DETAILED ACTION

Notice of Pre-AIA  or AIA  Status
The present application, filed on or after March 16, 2013, is being examined under the first inventor to file provisions of the AIA .

Response to Amendment
Applicant’s response, filed 23 December 2021, to the last office action has been entered and made of record. 
In response to the cancellation of claims 6-7, 16-17, and 26-27, they are acknowledged and made of record.
In response to the amendments to the claims, they are acknowledged, supported by the original disclosure, and no new matter is added.
In response to the amendments to the claims, specifically addressing the rejections under 35 U.S.C. § 112 (a) / (pre-AIA ), first paragraph, of the previous Office action, the amended language has overcome the respective rejections, and the rejections have been withdrawn.

Response to Arguments
Applicant’s arguments, see p. 9-11 of Applicant’s reply, filed 23 December 2021, with respect to amended independent claims 1, 11, and 21 and corresponding dependent claims 3-4, 9-10, 13-14, 19-20, 23-24, and 29-30, which incorporate the amended subject matter, have been fully considered and are persuasive.  The rejections of 24 September 2021 have been withdrawn. 

Allowable Subject Matter
Claims 1, 3-4, 9-11, 13-14, 19-21, 23-24, and 29-30 allowed.
The following is an examiner’s statement of reasons for allowance: 
Regarding the subject matter of the amended independent claims 1, 11, and 21, the prior art of record, alone or in combination, fails to fairly teach or suggest, combined with the other recited claimed subject matter, the following limitations:
“operating at least two parallel, independent processing pipelines on a whole image to generate independent results, wherein the at least two parallel, independent processing pipelines includes both an entity processing pipeline and a whole image processing pipeline, wherein the entity processing pipeline operates on the whole image and uses a convolutional neural network (CNN) which scans the whole image to identify a number and type of entities in the whole image, resulting in an entity feature space, and wherein the whole image processing pipeline uses a CNN to extract visual features from the whole image, resulting in a visual feature space;
fusing the independent results of the entity and whole image processing pipelines to generate a fused scene class, such that in fusing the independent results to generate the fused scene class, two classifiers are trained separately for each of the visual feature space and entity features space to generate independent class probability distributions over scene types, with the independent class probability distributions being multiplied and renormalized to generate the fused scene class”.

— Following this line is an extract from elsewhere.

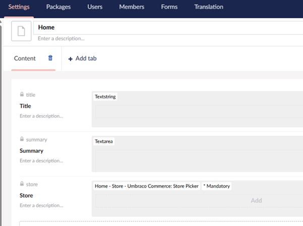 Reserved alias: Do not change the alias. The alias listed is required for integration with Umbraco Commerce.

Previously cited Lin, Wang, He, and Shen references were cited to suggest a system for assessing images using a deep convolutional neural network (DCNN) which uses two independent columns for a global and fine-grained view input to classify a scene feature for a  corresponding image (see Lin Fig. 3, [0025], [0033]-[0034], and [0053]), where Lin taught at least one layer of the first and second column are merged into a fully connected layer and the fully connected layer is jointly trained to classify at least one image feature, where the feature may be a scene of the image (see Lin [0029], [0046], and [0053]) and a probability of each input being assigned to a class for a particular feature and the results are averaged to determine the highest class to be selected (see Lin [0051]). 
However, the combined teachings of Lin, Wang, He, and Shen do not fairly teach, alone or in combination, that the independent results of the two columns of the DCNN are fused by generating independent class probability distributions over scene types by separately trained two classifiers for each of an equivalent to a visual feature space and entity features space, with the independent class probability distributions being multiplied and renormalized to generate a fused scene class. 

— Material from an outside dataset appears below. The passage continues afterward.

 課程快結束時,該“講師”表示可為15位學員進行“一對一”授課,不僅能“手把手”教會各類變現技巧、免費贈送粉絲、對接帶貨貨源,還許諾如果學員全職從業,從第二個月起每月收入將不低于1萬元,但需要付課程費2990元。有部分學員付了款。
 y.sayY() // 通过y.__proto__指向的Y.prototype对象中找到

Further search and consideration of the prior art, failed to yield a fair teaching, alone or in combination, of the noted combination of claimed subject matter. 
Li et al. (CN 102622607, cited in the IDS dated 11 January 2022) is pertinent in teaching a remote sensing image classification method based on multi feature fusion, where support vector machines classifiers are trained upon extracted visual word bag features, color histogram features, and textural features of a training set of remote sensing images, and are used to classify visual word bag features, color histogram features, and textural features of a test image, and the resulting classification probabilities are combined with a weighted synthesis method to obtain the final remote sensing image classification result (see Li Abstract and [0079]-[0083]). While Li suggests the fusing of resulting classification probabilities using a weighted synthesis method, Li fails to teach that the features used for classification are from an equivalent to the claimed at least two parallel, independent processing pipelines on a whole image which use corresponding convolutional neural networks to scan the whole image to identify a number and type of entities in the whole image, resulting in an entity feature space, and extract visual features from the whole image, resulting in a visual feature space, and that two classifiers are trained separately for each of the visual feature space and entity features space to generate independent class probability distributions over scene types, with the independent class probability distributions being multiplied and renormalized to generate the fused scene class.
Dixit et al. (“Scene Classification with Semantic Fisher Vectors”) is pertinent in teaching a scene classification method which uses a convolutional neural network to extract a bag of semantics features from an image and used to form a semantic fisher vector representation for representing the scene of the image (see Dixit Fig. 3 and sect. 4. Semantic FV embedding), and further suggests combining the results with the results of a Places CNN trained on a large dataset of scene images as a simple concatenation for scene classification (see Dixit sect. 6.4 The Places CNN and sect. 7.4. Comparisons to the state of the art). As Dixit discloses that the results are combined as a simple concatenation of the results, Dixit fails to fairly teach alone or in combination, that the combining the results from the Places CNN and the semantic fisher vector based scene classification are multiplied and renormalized.
Xiong et al. (“Recognize Complex Events from Static Images by Fusing Deep Channels”) is pertinent in teaching an event recognition framework which uses an upper channel deep convolutional neural network to capture visual appearance of an image and a lower channel deep convolutional network to detect and capture interactions among humans and objects to output a fused representation (see Xiong Fig. 3, sect. 4.1 Model Visual Appearance with CNN, sect. 4.4 Detect Characterize Objects, and sect. 4.5 Channel Fusion). While Xiong suggests that visual appearance channel and detection channel are integrated and derive a fused representation, Xiong fails to further teach, alone or in combination, that the fused representation from the results of the two channels being multiplied and renormalized. 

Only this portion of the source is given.